[What the task asks]
Transcribe, word for word, only the lines from the one containing "富安娜 舒暖 纤维被子秋冬" through the end of the material below. Pictures stay out.

[Data shown]
|---|

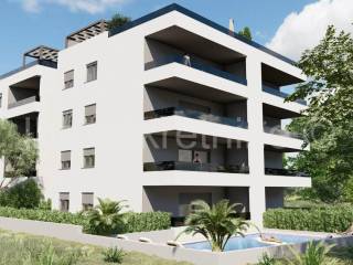 We are selling a comfortable two-bedroom apartment in a great location only 4 km from the UNESCO city of Trogir in the southern part of Okrug Gornji. The apartment located on the first floor consists of two bedrooms, a bathroom, a storage room, a living room, a kitchen with a dining room, a balcony and a parking space.
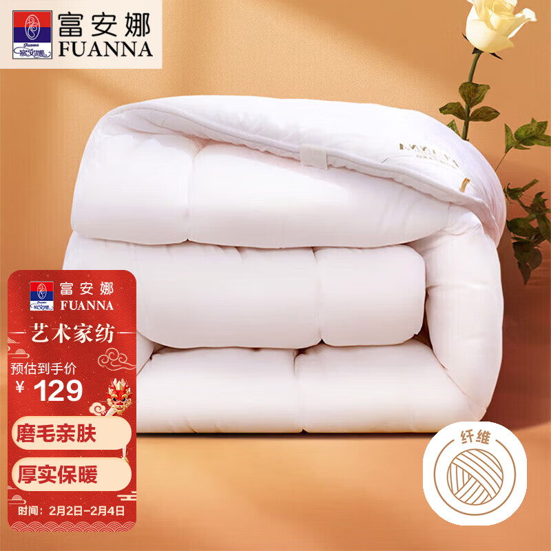 富安娜 舒暖 纤维被子秋冬 磨毛双人冬厚被 7.3斤 230*229cm 白色价格:249.00元!
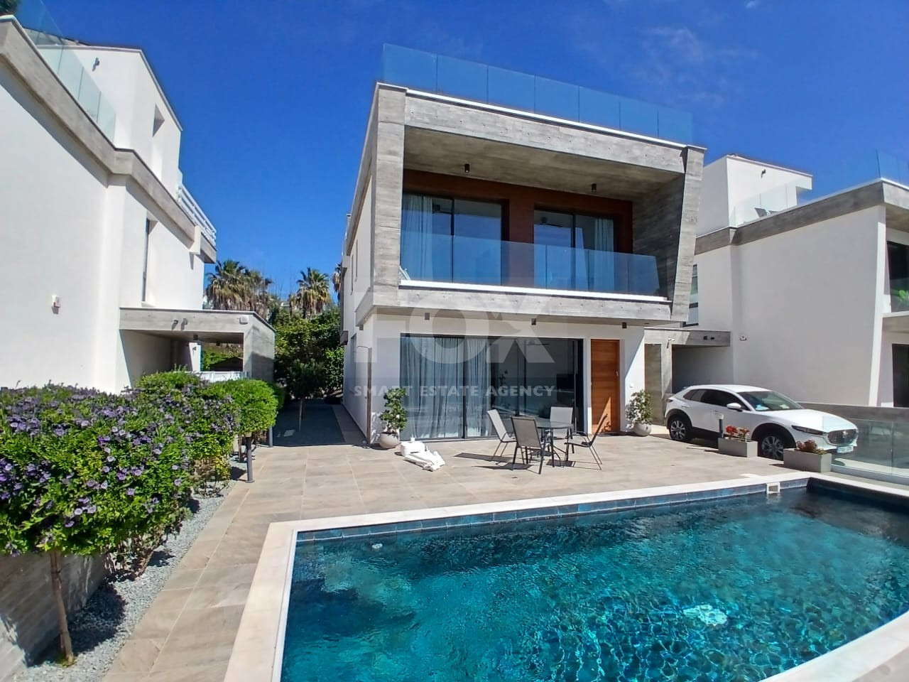 Experience comfort all year round with a central air conditioning system and underfloor heating. Large windows bring in plenty of natural light and offer beautiful sea views from several rooms. Step outside to your private swimming pool, perfect for relaxing or hosting gatherings with family and friends.

|---|

[Your solution]
 富安娜 舒暖 纤维被子秋冬 磨毛双人冬厚被 7.3斤 230*229cm 白色价格:249.00元!
 Experience comfort all year round with a central air conditioning system and underfloor heating. Large windows bring in plenty of natural light and offer beautiful sea views from several rooms. Step outside to your private swimming pool, perfect for relaxing or hosting gatherings with family and friends.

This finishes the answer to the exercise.